Bandzoogle is the musician-focused website builder that's been running since 2003 with three core plans at $9.95, $14.95, and $19.95/month, plus specialised EPK and merch tiers. Best for musicians who podcast as a brand extension; doesn't make sense as a standalone podcast platform.

Pros
  • Built specifically for musicians, gigs, and merch
  • All plans include free domain and unlimited bandwidth
  • 14-day free trial, no contracts
Watch-outs
  • Music-first, podcast features minimal
  • Templates leaning music-industry aesthetics
  • Not where you'd build a non-music show
In depth

Bandzoogle is the website builder for musicians that's quietly survived every wave of platform consolidation by staying focused on its niche. Founded in 2003 and still independent in 2026, the product packages a website, gigs calendar, music player, merch store, and email tools into plans starting at Lite for $9.95/month ($99.50/year), Standard at $14.95/month ($149.50/year), and Pro at $19.95/month ($199.50/year).

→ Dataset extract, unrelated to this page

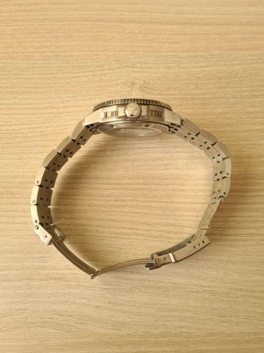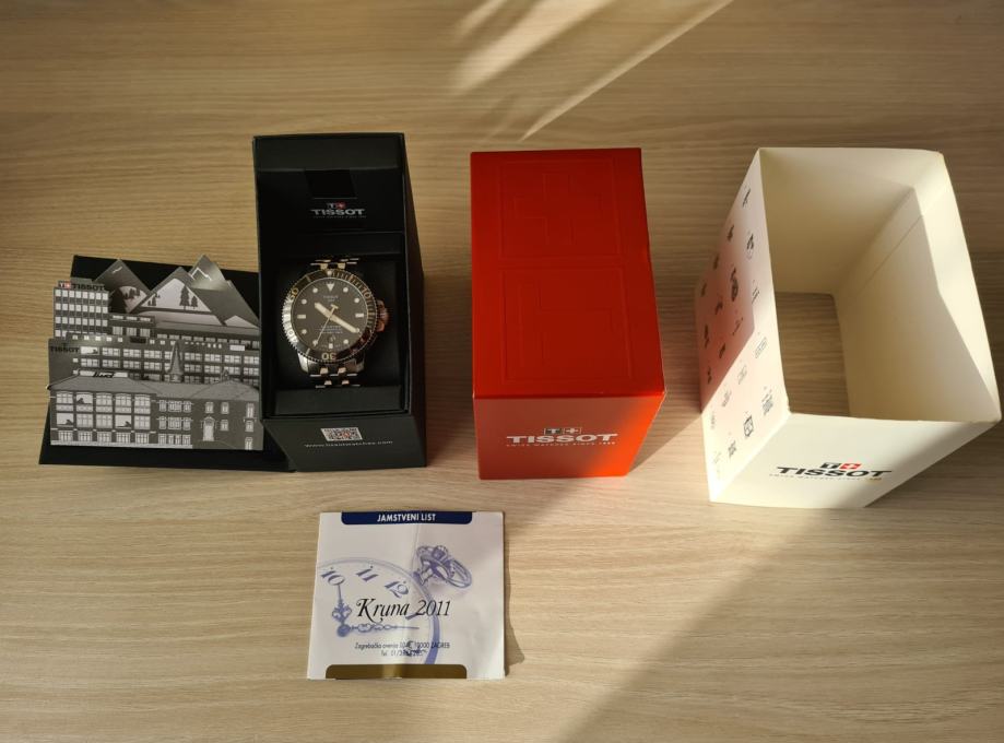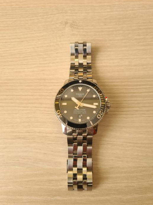 Tissot Seastar 1000 Powermatic 80, u vrlo dobrom stanju. Kućište od nehrđajućeg čelika promjera 43 mm sa safirnim staklom i vodootpornošću do 300 m čini ga pouzdanim svakodnevnim diverom. Automatski mehanizam Powermatic 80 pruža rezervu snage do 80 sati, tako da sat radi bez problema čak i ako ga ne nosite svaki dan. Narukvica ima samo manje tragove korištenja, općenito vrlo dobro očuvana. Dolazi u kompletu s originalnom kutijom, vanjskom zaštitnom kutijom i papirima. Svestran sat koji spaja sportski dizajn i švicarsku pouzdanost.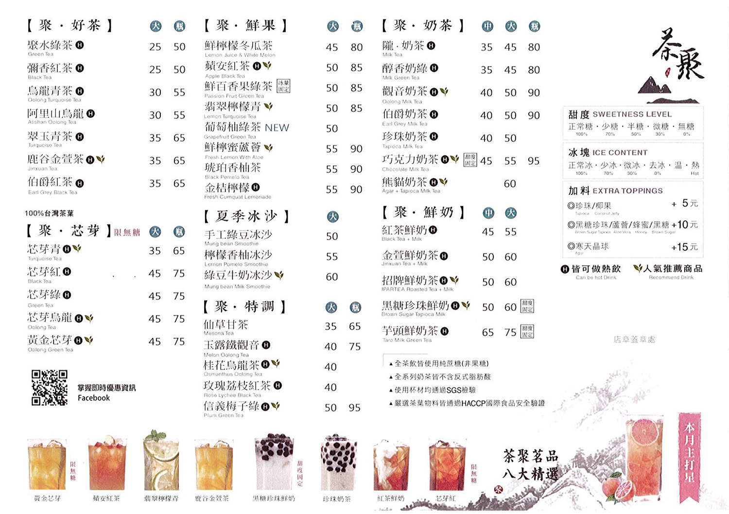 在地人真心推薦!「當我們因找茶而相遇,因品茶而相聚,時光短暫,但我們十分珍惜。」鄰近京站時尚百貨附近的茶聚,本著創辦人理念「不敢給自家小朋友吃的東西,絕不賣給客人。」致力打造最健康、最天然、最美味的天然茗品,堅持不添加任何香精色素,僅以最自然的方式呈現茶飲本身的風味。在飲品市場高競爭的壓力下,茶聚的堅持,讓他們在紅海中殺出一片藍海,走出屬於自己的品牌,闖出自己的名號,建立更多茶聚老主顧。

Specialised plans include EPK at $6.95/month for press kits and Merch Table tiers from $6.95 for basic merch listings to $24.95/month for the Pro merch experience. Every plan includes a free domain, unlimited bandwidth, premium hosting, and unlimited support. There are no contracts and you can change plans at any time. For podcast use specifically, Bandzoogle is the right choice when the podcast is part of a musician's broader brand: a singer-songwriter who runs an interview show, a band whose podcast covers tour life, a record label whose flagship show is a marketing channel. In those cases the platform's music-first features (gig calendars, streaming integrations, merch store, fan email lists) carry the weight and the podcast is one tab on the website. For a standalone podcast that isn't tied to music, Bandzoogle is a strange fit. The templates lean heavily into music industry aesthetics, the integrations assume Spotify-and-Bandcamp distribution, and the audience expectations are built around tour dates and album drops. Squarespace, Wix, or a podcast-host's built-in site will serve a non-music show better.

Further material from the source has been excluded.